WHAT TO PRODUCE — Please print exactly the lines from the line containing "- ما هو أكثر" through the end of the data, no more, and keep pictures out of the copy.

(INFORMATION PROVIDED begins)

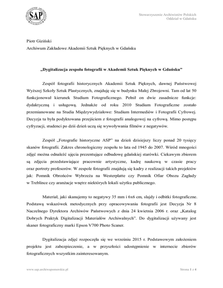 Stowarzyszenie Archiwistów Polskich Oddział w Gdańsku Piotr Giziński Archiwum Zakładowe Akademii Sztuk Pięknych w Gdańsku „Dygitalizacja zespołu fotografii w Akademii Sztuk Pięknych w Gdańsku” Zespół fotografii historycznych Akademii Sztuk Pięknych, dawnej Państwowej Wyższej Szkoły Sztuk Plastycznych, znajduję się w budynku Małej Zbrojowni. Tam od lat 50 funkcjonował kierunek Studium Fotograficznego. Pełnił on dwie zasadnicze funkcje: dydaktyczną i usługową. Jednakże od roku 2010 Studium Fotograficzne zostało przemianowane na Studia Międzywydziałowe: Studium Intermediów i Fotografii Cyfrowej. Decyzja ta była podyktowana przejściem z fotografii analogowej na cyfrową. Mimo postępu cyfryzacji, studenci po dziś dzień uczą się wywoływania filmów z negatywów. Zespół „Fotografie historyczne ASP” na dzień dzisiejszy liczy ponad 20 tysięcy skanów fotografii. Zakres chronologiczny zespołu to lata od 1945 do 2007. Wśród mnogości zdjęć można odnaleźć ujęcia prezentujące odbudowę gdańskiej starówki. Ciekawym zbiorem są zdjęcia przedstawiające pracownie artystyczne, kadrę naukową w czasie pracy oraz portrety profesorów. W zespole fotografii znajdują się kadry z realizacji takich projektów jak: Pomnik Obrońców Wybrzeża na Westerplatte czy Pomnik Ofiar Obozu Zagłady w Treblince czy aranżacje wnętrz niektórych lokali użytku publicznego. Materiał, jaki skanujemy to negatywy 35 mm i 6x6 cm, slajdy i odbitki fotograficzne. Podstawą wskazówek metodycznych przy opracowywaniu fotografii jest Decyzja Nr 8 Naczelnego Dyrektora Archiwów Państwowych z dnia 24 kwietnia 2006 r. oraz „Katalog Dobrych Praktyk Digitalizacji Materiałów Archiwalnych”. Do dygitalizacji używany jest skaner fotograficzny marki Epson V700 Photo Scaner. Dygitalizacja zdjęć rozpoczęła się we wrześniu 2015 r. Podstawowym założeniem projektu jest zabezpieczenie, a w przyszłości udostępnienie w internecie zbiorów fotograficznych wszystkim zainteresowanym. www.sap.archiwapomorskie.pl Strona 1 z 4 Stowarzyszenie Archiwistów Polskich Oddział w Gdańsku PRZECHOWYWANIE: Materiały fotograficzne, na jakich pracujemy, do niedawna były przechowywane w papierowych zakładkach w pudełku po papierze fotograficznym, a niektóre luzem włożone w koperty po starych filmach. Dziś negatywy są ułożone w specjalnych koszulkach pergaminowych, a następnie zostały wpięte w przeznaczone do tego segregatory. Negatywy są ułożone w porządku odpowiadającym układowi pozycji stykówek na karatach albumów. Kopie cyfrowe są przechowywane na dysku zewnętrznym oraz na płytach CD. Dodatkowo zeskanowane zdjęcia przesyłane są na wewnętrzny serwer uczelni. PROCES SKANOWANIA: Skanowanie materiałów archiwalnych zawsze rozpoczynamy od wyczyszczenia szyby skanera, następnie w bawełnianych rękawiczkach umieszczamy negatywy w specjalnych ramkach. Należy przy tym zwrócić uwagę, aby negatyw został włożony matową stroną do góry, w przeciwnym razie zeskanowane zdjęcie będzie odbiciem lustrzanym oryginału. Kolejną ważną rzeczą, jest zwrócenie uwagi, czy włożony negatyw leży sztywno w ramce, inaczej obraz zeskanowany może być nie ostry. Zanim klikniemy przycisk skanuj, ustawiamy jeszcze podstawowe parametry, jak rozdzielczość skanowania czy głębie kolorów. Zaczynając od tego ostatniego, to dla materiałów kolorowych przyjęto wartość 24 bit, natomiast dla czarno białych 16 bit. Rozdzielczość skanowanego materiału zależy w dużej mierze od przeznaczenia kopii. W naszym przypadku jest to zakres od 800 do 1200 dpi. Dzięki temu nasze zdjęcia są duże i wyraźne nawet przy dość mocnym przybliżeniu. Format zapisu plików to TIFF i JPG. Pliki o rozszerzeniu TIFF traktowane są jako kopie macierzyste, natomiast format JPG służy nam do dalszego udostępniania i ewentualnej edycji. Dopiero teraz możemy wykonać podgląd skanowanych materiałów. Na tym etapie jedynie co zrobimy to odznaczamy wszelkie kopie oraz nieudane zdjęcia. Następnie wybieramy folder zapisu i klikamy przycisk SKANUJ. Czas skanowania zależy od ilości klatek filmu jakie jednorazowo skanujemy, wielkości zdjęcia i rozszerzenia. Cały proces może trwać od minuty do nawet 10 minut. www.sap.archiwapomorskie.pl Strona 2 z 4 Stowarzyszenie Archiwistów Polskich Oddział w Gdańsku NAZWA PLIKU: Nazwa pliku składa się z cyfry rzymskiej, pod którą kryje się nazwa zbioru archiwalnego i jednocześnie jest to numer albumu, w którym znajduje się oryginalny negatyw, łamany na numer karty w albumie, na której znajduje się zdjęcie, łamane na numer kolejny danego zdjęcia. W tej chwili posiadamy dziewięć zbiorów archiwalnych, są to: I-III -> zdjęcia z lat 1950-1980, IV -> zdjęcia najstarsze od 1945 do około 1960, V -> kolekcja pt: Artyści Wybrzeża prezentująca przede wszystkim prace artystyczne pracowników szkoły, VI-IX są to zdjęcia kolorowe od 1991 do 2007. Każdy zbiór posiada swoje podzbiory (np.: inauguracje roku akademickiego, rady wydziałów, plenery, uroczystości, pracownie). Sygn. I/34/005 I – numer albumu 34 – numer karty w albumie 005 – numer kolejny zdjęcia OPRACOWANIE GRAFICZNE: Z biegiem lat niektóre negatywy zaczęły tracić swoje pierwotne właściwości, proces ten przekłada się na jakość skanowanych zdjęć. Dlatego też niektóre zdjęcia wymagały opracowania graficznego. Mam tu na myśli takie zabiegi jak: odświeżenie koloru, ustawienie kontrastu zdjęcia, rozjaśnianie i przyciemnianie, wypoziomowanie zdjęcia oraz lekki retusz. Służy nam do tego program graficzny AdobePhotoshop. KARTA INWENTARZOWA: Każde zdjęcie jest osobno opisywane w karcie inwentarzowej, na którą składa się osiem kolumn: sygnatura archiwalna, opis zdjęcia, czyli co przedstawione jest na fotografii wraz z identyfikacją osób, autor zdjęcia, przybliżony rok i miejsce wykonywanej fotografii, słowa kluczowe – tzw. 
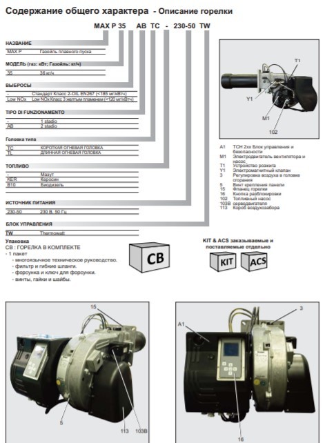 - Все горелки на легком (дизельном) топливе поставляются укомплектованными, включая фильтр и гибкие шланги, до мощности 6 МВт - в единой упаковке.
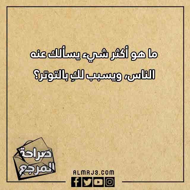 - ما هو أكثر شيء يسألك عنه الناس، ويسبب لكِ بالتوتر؟
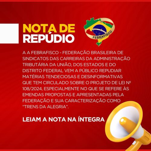📢 *Leiam a NOTA DE REPÚDIO* no link https://febrafisco.org.br/f/nota-de-rep%C3%BAdio-sobre-cria%C3%A7%C3%A3o-de-casta-de-privilegiados-no-plp-10

(INFORMATION PROVIDED ends)

ANSWER —
 - ما هو أكثر شيء يسألك عنه الناس، ويسبب لكِ بالتوتر؟
📢 *Leiam a NOTA DE REPÚDIO* no link https://febrafisco.org.br/f/nota-de-rep%C3%BAdio-sobre-cria%C3%A7%C3%A3o-de-casta-de-privilegiados-no-plp-10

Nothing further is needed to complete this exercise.